[llvm] [lit] Fix substitutions containing backslashes (PR #103042)

Martin Storsjö via llvm-commits llvm-commits at lists.llvm.org
Tue Aug 13 04:10:48 PDT 2024


https://github.com/mstorsjo created https://github.com/llvm/llvm-project/pull/103042

Substitutions can be added in a couple different ways; they can be added via the calling python scripts by adding entries to the config.substitutions dictionary, or via DEFINE lines in the scripts themselves.

The substitution strings passed to Python's re classes are interpreted so that backslashes expand to escape sequences, and literal backslashes need to be escaped.

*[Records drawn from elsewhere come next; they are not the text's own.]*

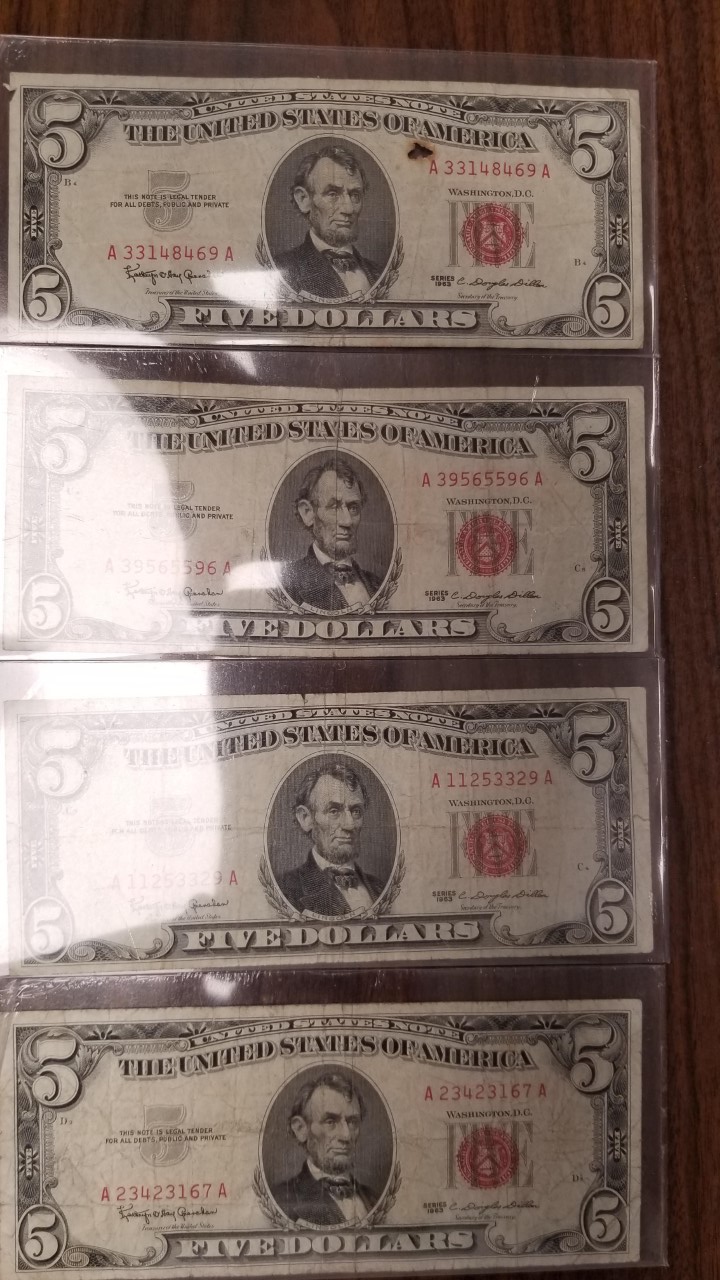 Pretty good condition except one bill has a small burn mark on it. All are dated from 1963.
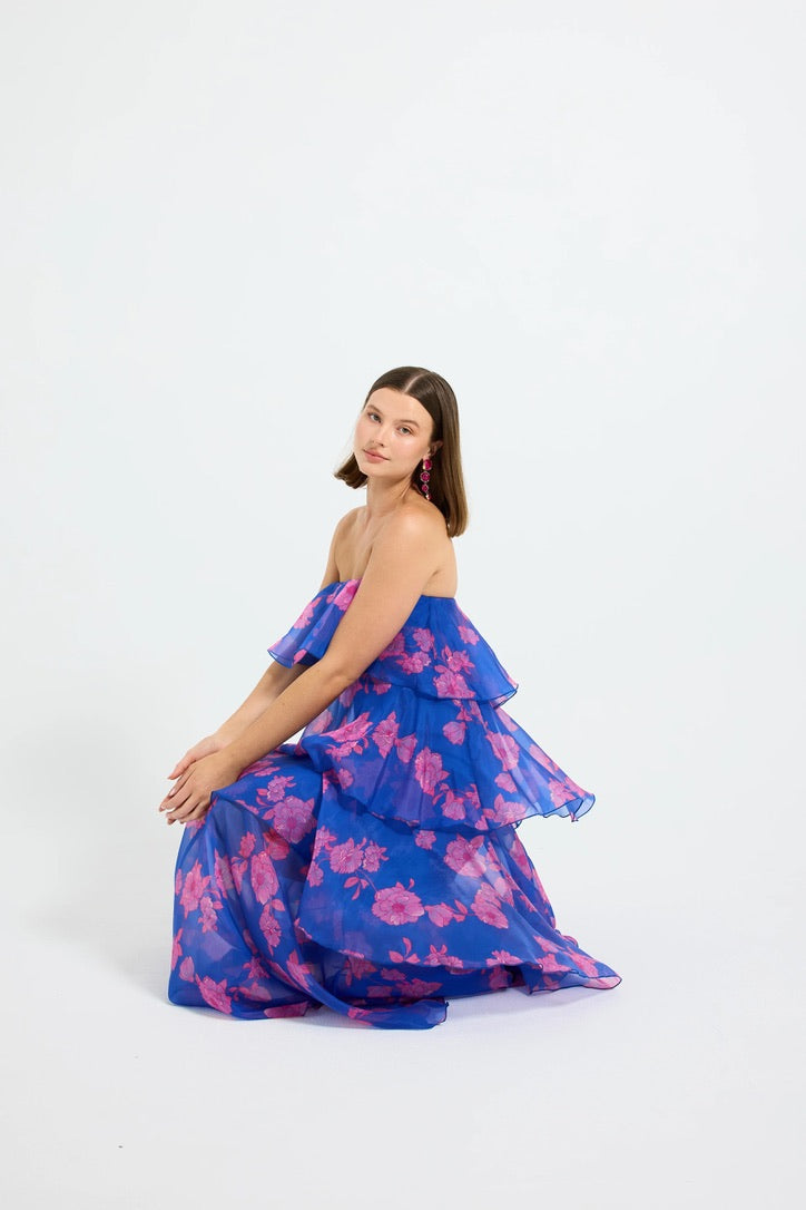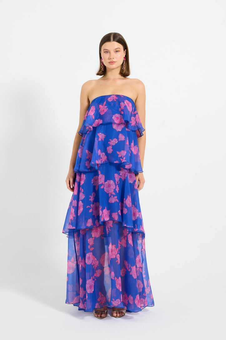 The Esme Tiered Maxi by PASDUCHAS is crafted from soft-touch organza, featuring an exclusive floral print. A square-cut strapless neckline anchors the design, while multi-layered tiers create soft volume that falls to a full maxi-length hem, offering a romantic and ethereal silhouette. An invisible zipper at the centre back allows for ease of fit and wear, making this a graceful option for special occasions or warm-weather celebrations.
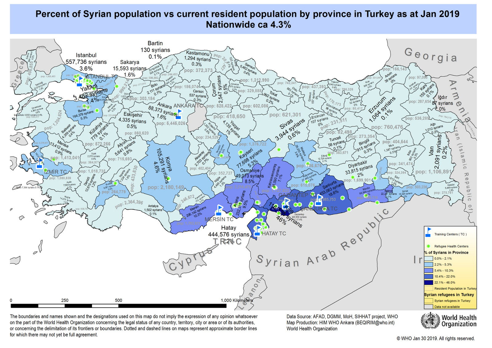 WHO Turkey: Difference of Syrian Population in Turkey with Provincial Breakdown
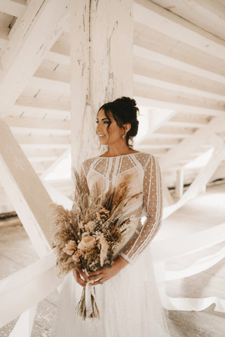 Auttie is our go-to dress if you are looking for some elegant drama. She has volumised sheer lace sleeves that leave everyone feeling like the princess in their own story. She has a cheeky yet subtle slit within the skirt which gives you the chance to show off your shoes. One of our most recent brides got married in the breathtaking Valley of Fire desert and used the slit to show off her indie cowboy boots, click here to see her bohemian wedding.
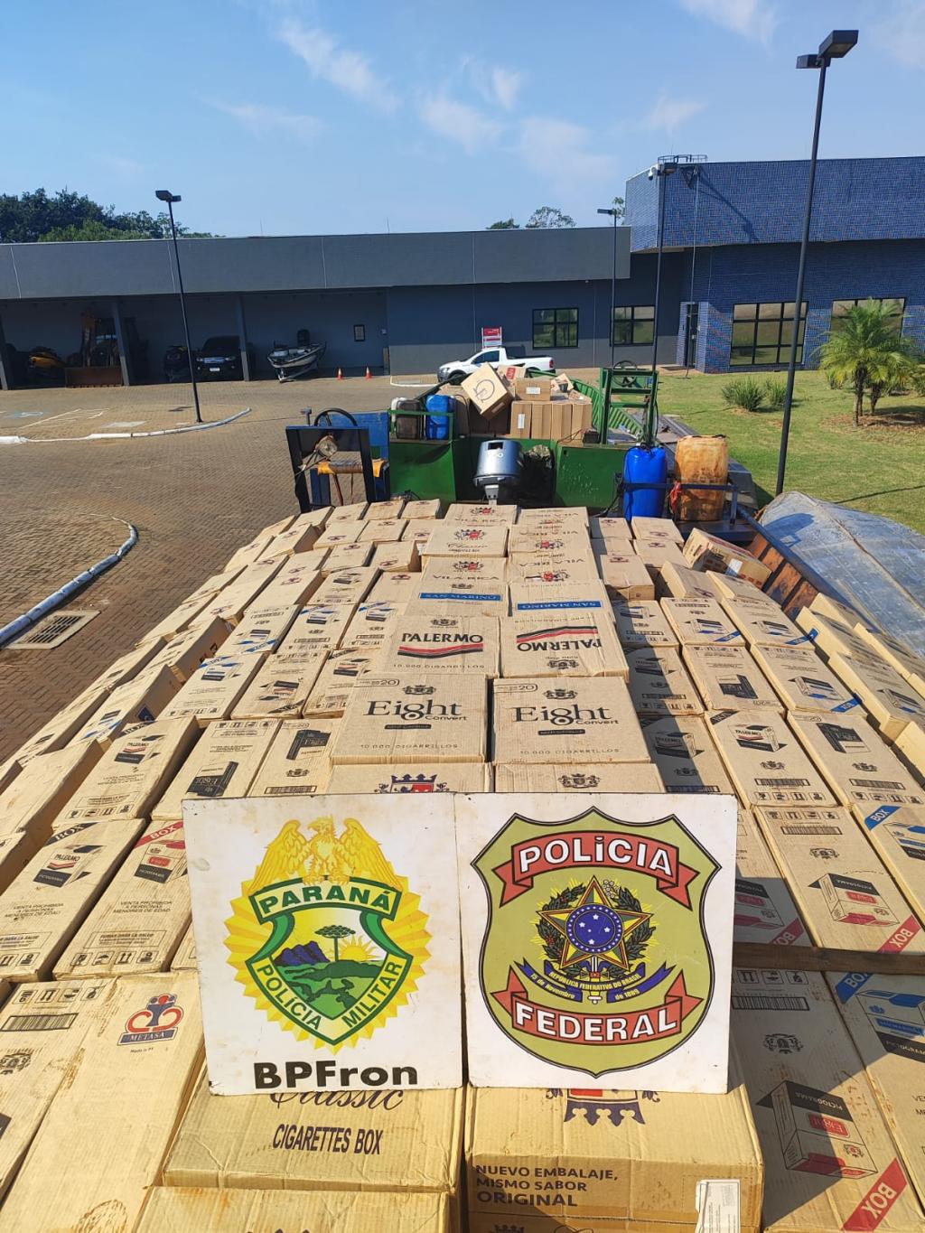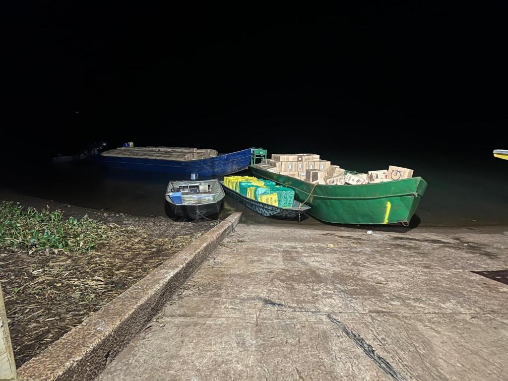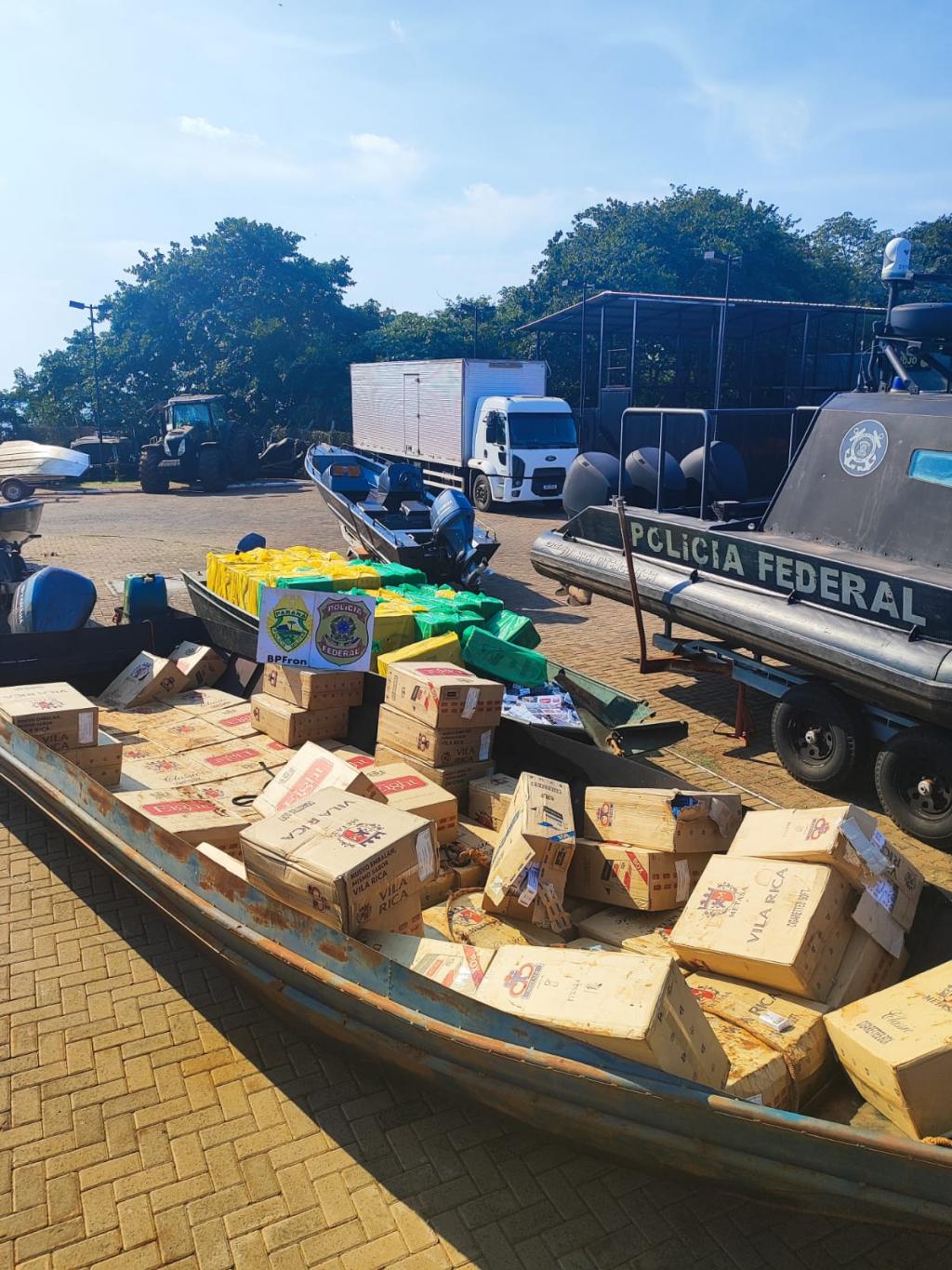 No local foram apreendidos 01 veículo, 06 embarcações, incluindo 03 de grande porte (barcaças), carregadas com aproximadamente 1.200 caixas de cigarros contrabandeados do Paraguai, resultando num prejuízo aproximado de R$ 4.000.000,00 (quatro milhões de reais) ao crime organizado regional.
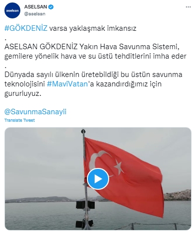 "GÖKDENİZ varsa yaklaşmak imkansız. ASELSAN GÖKDENİZ Yakın Hava Savunma Sistemi, gemilere yönelik hava ve su üstü tehditlerini imha eder. Dünyada sayılı ülkenin üretebildiği bu üstün savunma teknolojisini #MaviVatan'a kazandırdığımız için gururluyuz."
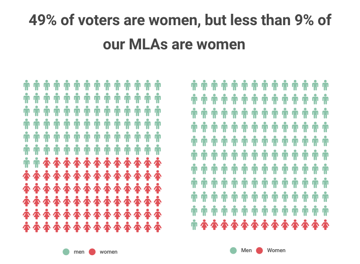 When I studied the Indian Freedom movement in 8th grade, I remember being damn proud that in my country, women got the vote way before women in Switzerland did. However, 71 years down the line and here’s what the statistics still look like:

On Unix, the script defined substitutions don't (usually, so far) contain backslashes - but on Windows, they often do, due to paths containing backslashes. This lead to a Windows specific escaping of backslashes before doing Python re substitutions - since 7c9eab8fef0ed79a5911d21eb97b6b0fa9d39f82. There's nothing inherently Windows specific about this though - any intended literal backslashes in the substitution strings need to be escaped; this is how the Python re API works.

The DEFINE lines were added later, and in order to cope with backslashes, escaping of backslashes was added in the SubstDirective class in TestRunner, applying to DEFINE lines in the tests only.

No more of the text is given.